Wednesday, March 11, 2009

U.S. v. Hilgers, No. 08-30078 (3-11-09). The 9th affirms an above-guidelines sentence as reasonable. The offense was mortgage fraud, and the defendant manipulated lendees and lenders as a mortgage broker. His guidelines were 33 to 41 months. The PSR painted an unflattering portrait of a manipulator, and questioned his sincerity. The court considered the 3553 factors, and found that the defendant's ability to manipulate and secure trust from family, friends, and lenders called for a higher sentence, as well as his past criminal history. The sentence was five years which, while it was three years longer than the guidelines, was still reasonable under the circumstances and the analysis of the 3553 factors.

U.S. v. Hammons, No. 08-50329 (3-11-09).

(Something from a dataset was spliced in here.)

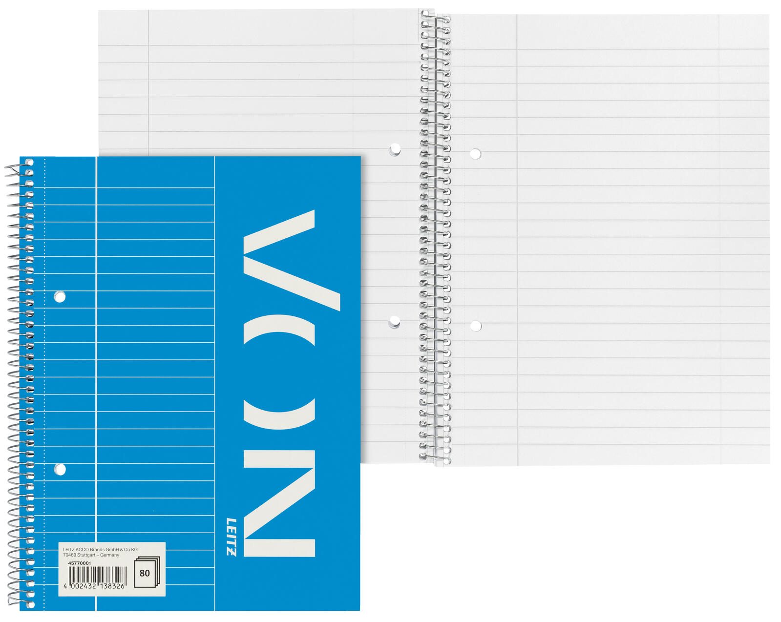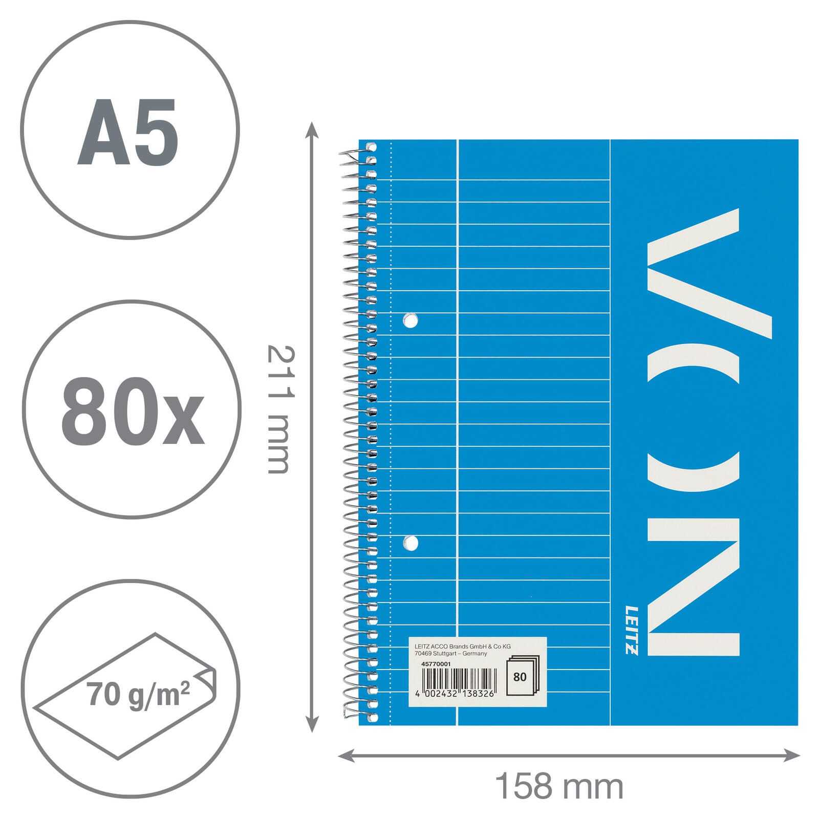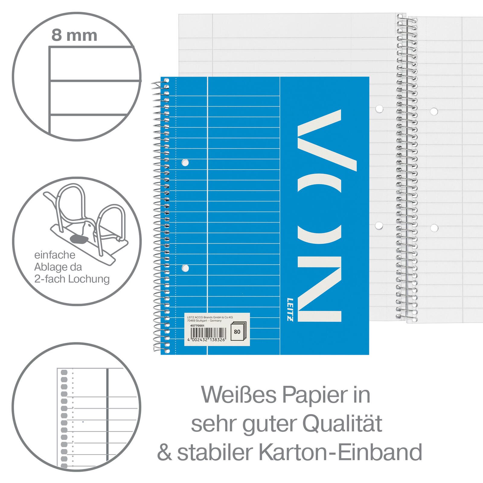 Der LEITZ Collegeblock im Format DIN A5 bietet mit 80 Blättern ausreichend Platz für Notizen, Mitschriften und Skizzen. Das Papier hat ein Gewicht von 70 g/m² und ist in einem klaren Weiß gehalten, was ein angenehmes Schriftbild ermöglicht. Die Blätter sind liniert und verfügen über eine Randlinie auf der Innenseite, die das ordentliche Schreiben erleichtert und für eine strukturierte Gestaltung sorgt.

The 9th Circuit finds that in sentencing on a SR violation, the court must state the reasons for the sentence and must calculate the guidelines accurately. Here, the defendant had a drug conviction, and was on supervised release, when he suffered a DUI conviction. Probation recommended treatment. At disposition, the defendant said he was trying to deal with his problem, and wanted treatment. The court asked the defendant how driving drunk furthered his attempts at recovery and later stated that he (the court) always thought about the sentence. Under a plain error review, the 9th (Pregerson joined by D. Nelson and Singleton) held that more was needed. The court had to explain why the sentence was imposed, and explain how it fit with the purposes of SR, which is different from sentencing. A SR sentence for violation is not punishment for other crimes, but for a breach of trust. There is also a question of how accurate the SR report was as to the criminal history. The court had to assure that the guidelines were accurate for a SR violation. A good case that applies rigor to SR dispositions.

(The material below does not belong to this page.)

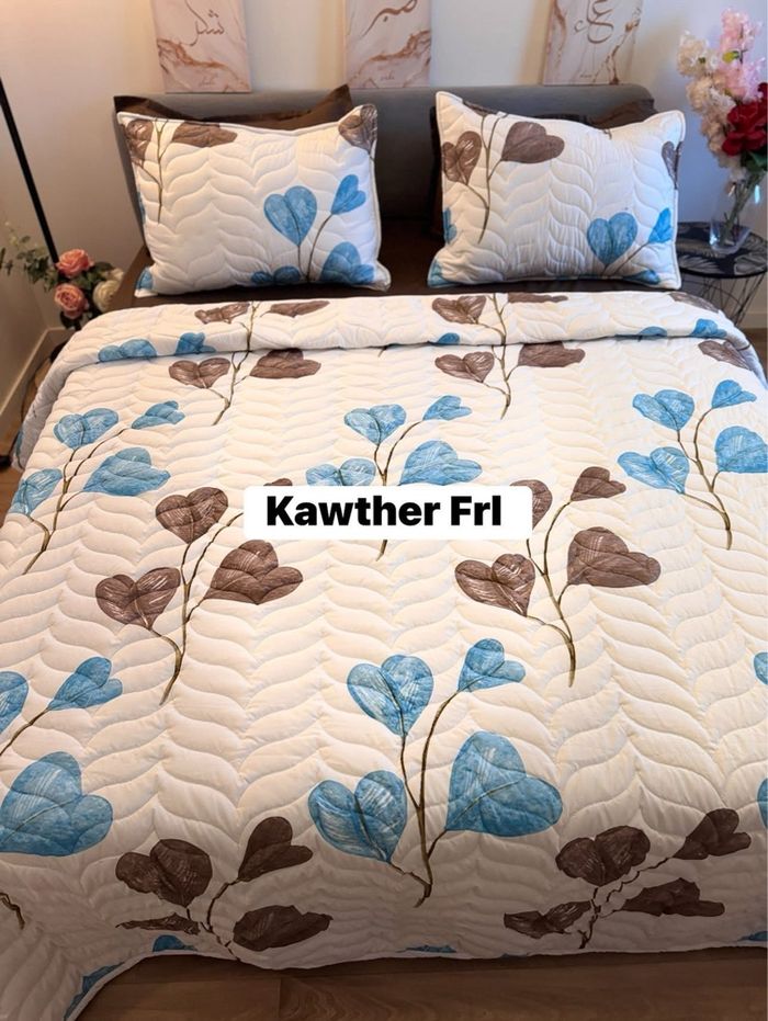 Bonjour Madame je vends couvre lit 6 pièces double face haute qualité les dimensions 160/200 180/200 drap housse couvre lit 240/250 les taie d oreiller 70/50 n hésitez pas me contacter merci

U.S. v. Krstic, No. 08-30022 (3-10-09). How to read a badly drafted statute? The 9th considers 1546(a) which makes it a crime to have a fraudulent immigration document, and arguably one that was authentic but secured by a false statement. The "arguably" is there because the statute does not make it clear whether Congress meant that the document itself had to be false or whether it wanted to broaden the scope. O'Scannlain, joined by Graber and Bybee, weigh the statutory interpretations, and decide that of course Congress wanted to have as broad a statute as possible. The 9th looked at former statutes, and policy, and parsed the words carefully. Oh yes, the rule of lenity did not apply. The defendant here was a Serbian soldier who got a valid immigration document, but who supposedly made a false statement in applying, stating that he never served in the military. The trial court had dismissed the indictment. The 9th reverses and remands.

U.S. v. Colson, 08-10282 (3-10-09). The 9th affirms that there is a lack of jurisidiction to review the decision by the district court's regarding a discretionary reduction of sentence under 18 USC 3582(c). U.S. v. Lowe, 136 F.3d 1231 (9th Cir. 1991) is still binding and is not overruled by U.S. v. Carty, 520 F.3d 984 (9th Cir. 2008) (en banc).